Pour ce qui est d’avoir représenté des personnes, dont les unes sont dans la misère pendant que les autres reçoivent du soulagement, c’est en quoi ce savant peintre a montré qu’il étoit un véritable poète, ayant composé son ouvrage dans les règles que l’art de la poésie veut qu’on observe aux pièces de théâtre ; car, pour représenter parfaitement l’histoire qu’il traite, il avoit besoin des parties nécessaires à un poème, afin de passer de l’infortune au bonheur. C’est pourquoi l’on voit que ces groupes de figures, qui font diverses actions, sont comme autant d’épisodes qui servent à ce que l’on nomme péripéties, et de moyens pour faire connoître le changement arrivé aux Israélites quand ils sortent d’une extrême misère, et qu’ils rentrent dans un état plus heureux. Ainsi leur infortune est représentée par ces personnes languissantes et abattues ; le changement qui s’en fait est figuré par la chute de la manne, et leur bonheur se remarque dans la possession d’une nourriture qu’on leur voit amasser avec une joie extrême.

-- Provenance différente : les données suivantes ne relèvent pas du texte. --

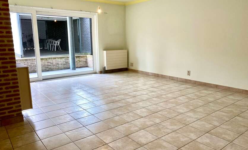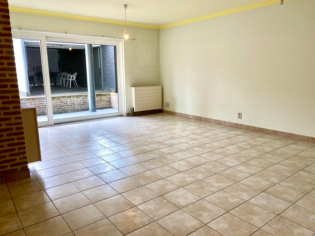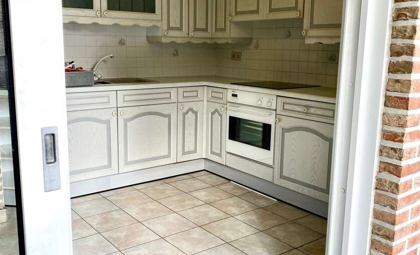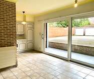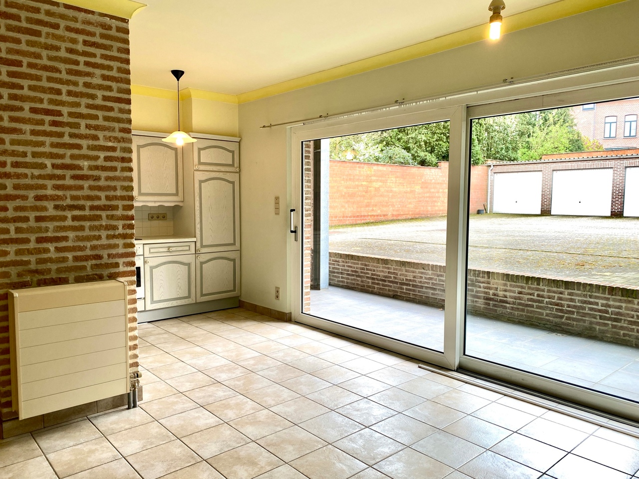 In de leefruimte en keuken genieten we bovendien van een aangename lichtinval en toegang tot het terras via het schuifraam.

De sorte que, bien loin de trouver à redire à tout ce que M. Poussin a peint dans ce tableau, on doit plutôt admirer de quelle manière il s’est conduit dans la représentation d’un sujet si grand et si difficile, où il n’a rien fait qui ne soit autorisé par de bons exemples et digne d’être imité par tous les peintres qui viendront après lui.

Ce fut le sentiment de toute l’Académie, qui pria M. Bourdon de vouloir choisir un sujet pour le samedi du mois prochain.


COMMENTAIRE


Cette conférence a été tenue le samedi 5 novembre 1667, dans la salle des séances de l’Académie. Le texte en a été rédigé par Félibien qui l’a publié. On trouvera au Louvre le tableau de Poussin analysé par le Brun[3]. Il provient de la collection de Louis XIV.

  1. Exode, chap. xvi.
  2. Antiq. Jud., lib. III, chap. i.
  3. N° 420 du catalogue de Frédéric Villot, édition de 1874
  1. Note Wikisource : cette illustration ne fait pas partie de l’ouvrage ici transcrit.